Oh yeah, that works too I guess. But I'm vegetarian, so he wouldn't get any meat from me  Fruit & veggies that he can have I'd share with him though at times. 

I took a list of stuff I needed to buy today (food too). Like, I wrote a list of the cat food types I was looking for, and I couldn't find ANY of them! D: Annoying.. maybe they don't have those ones in Canada...


----------



## susanaproenca (Aug 14, 2010)

Yes, it can be a little frustrating to shop for food... I really wanted to give the Colonel the Chicken Soup for the Cat's Lover Soul, but couldn't find a store around here that carries it. 

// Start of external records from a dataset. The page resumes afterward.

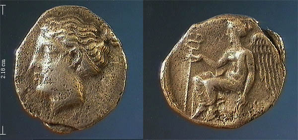 Rev. Nike seated on square cippus, caduceus in r. hand, l. hand resting on cippus
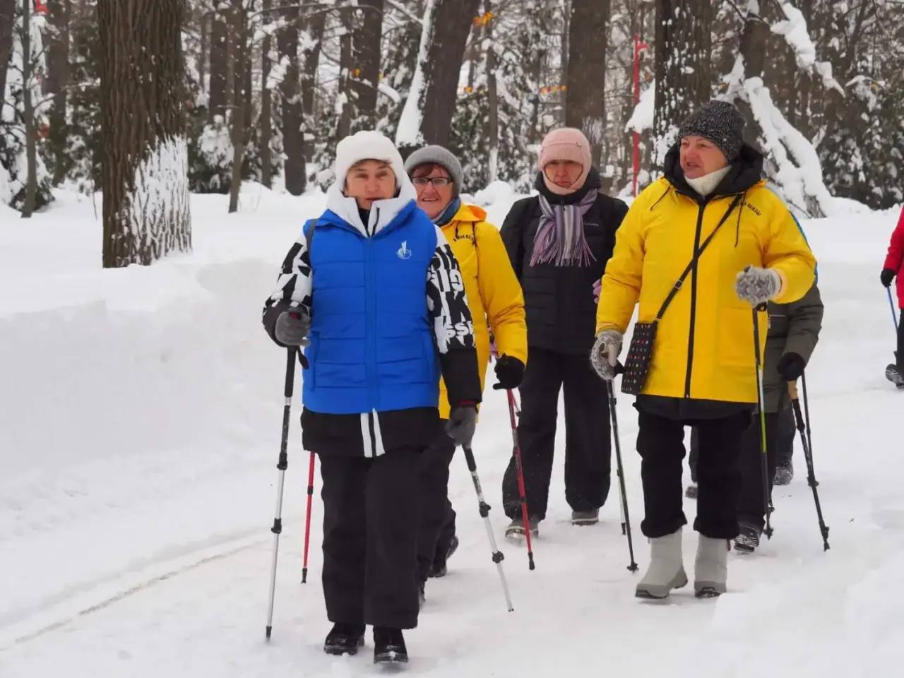 Порядка 70 граждан «серебряного» возраста — активные приверженцы занятий спортом на свежем воздухе, несмотря на морозную погоду, пришли показать мастер-класс по скандинавской ходьбе и суставной гимнастике прохожим и молодому поколению.
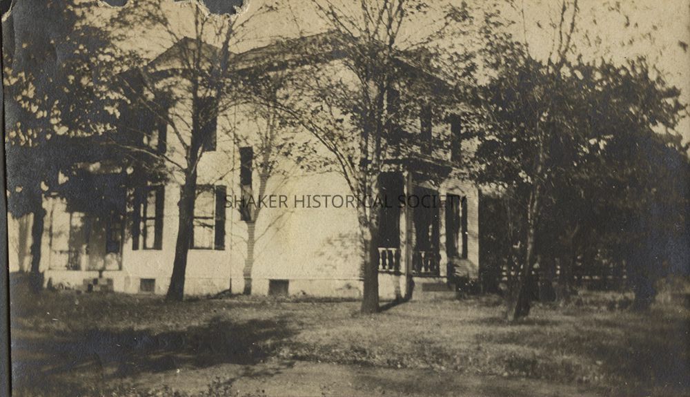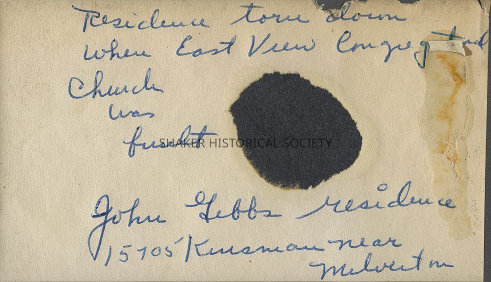 Undated photograph from a Warrensville Township scrapbook (SCR WAR 4) depicting the John Gibbs house located at 15705 Kinsman Rd. The house was demolished to build East View Congregational Church. The back of the photograph has handwritten information and a portion of torn black paper.Location
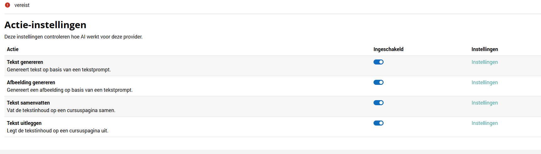 Je kunt bij elke provider uitkiezen welke actie deze kan uitvoeren. In Moodle 5.0 is er een nieuwe actie bijgekomen dat is "Tekst uitleggen"
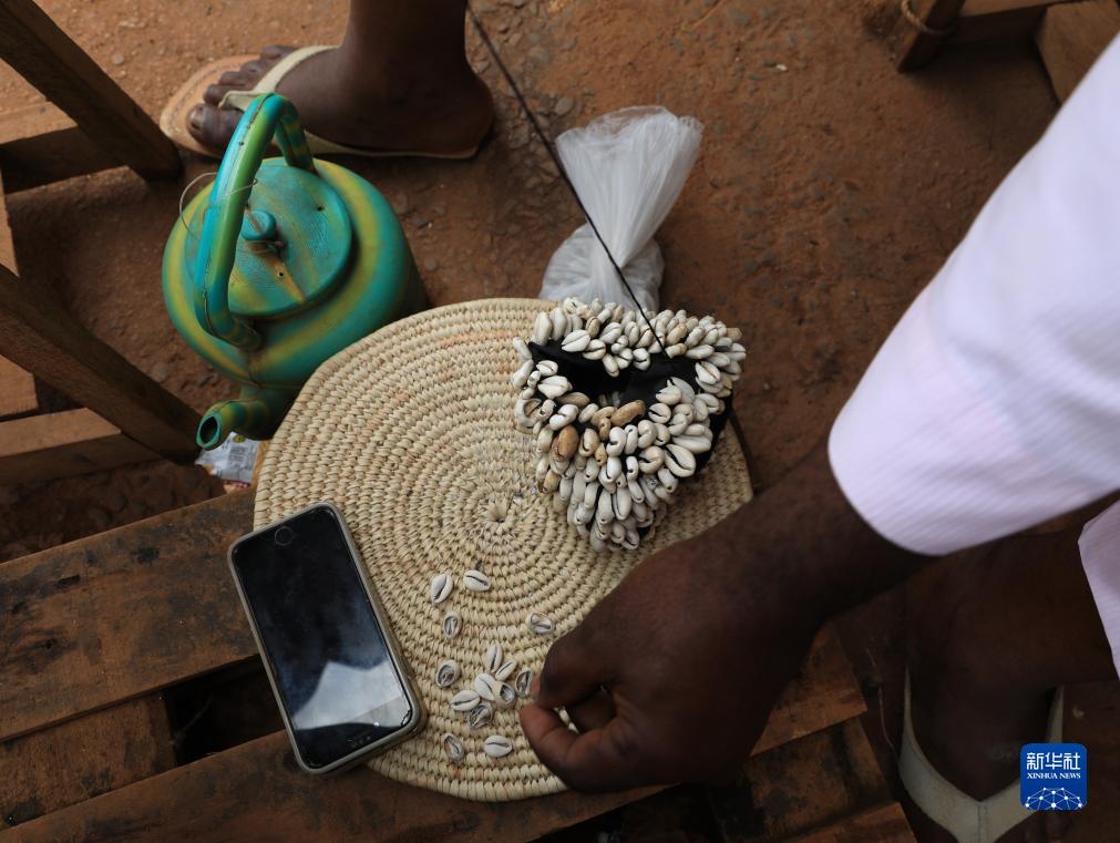 9月16日,在喀麥隆首都雅溫得手工藝品市場,一名手工藝人制作手工藝品。

Did you see something else you thought it might be good?


----------



## tie-dye hedgie (Dec 19, 2009)

Have you tried organic food stores? Sometimes they carry a couple varieties of the food you may want.


----------



## MeAmandaTee (Aug 9, 2010)

i know that pet valu carries wellness (im in canada) and it also carries chicken soup for the cat lovers soul, you should try there for foods, wellness isnt that expensive compared to other foods like royal canin im not sure about chicken soup tho..  I would recommend emailing the company that sells the food brand you want and getting them to send free samples to you because not all hedgies will like the food you buy for them. check out the pet valu site and see if they have the brand that you were looking for

http://www.petvalu.com/


----------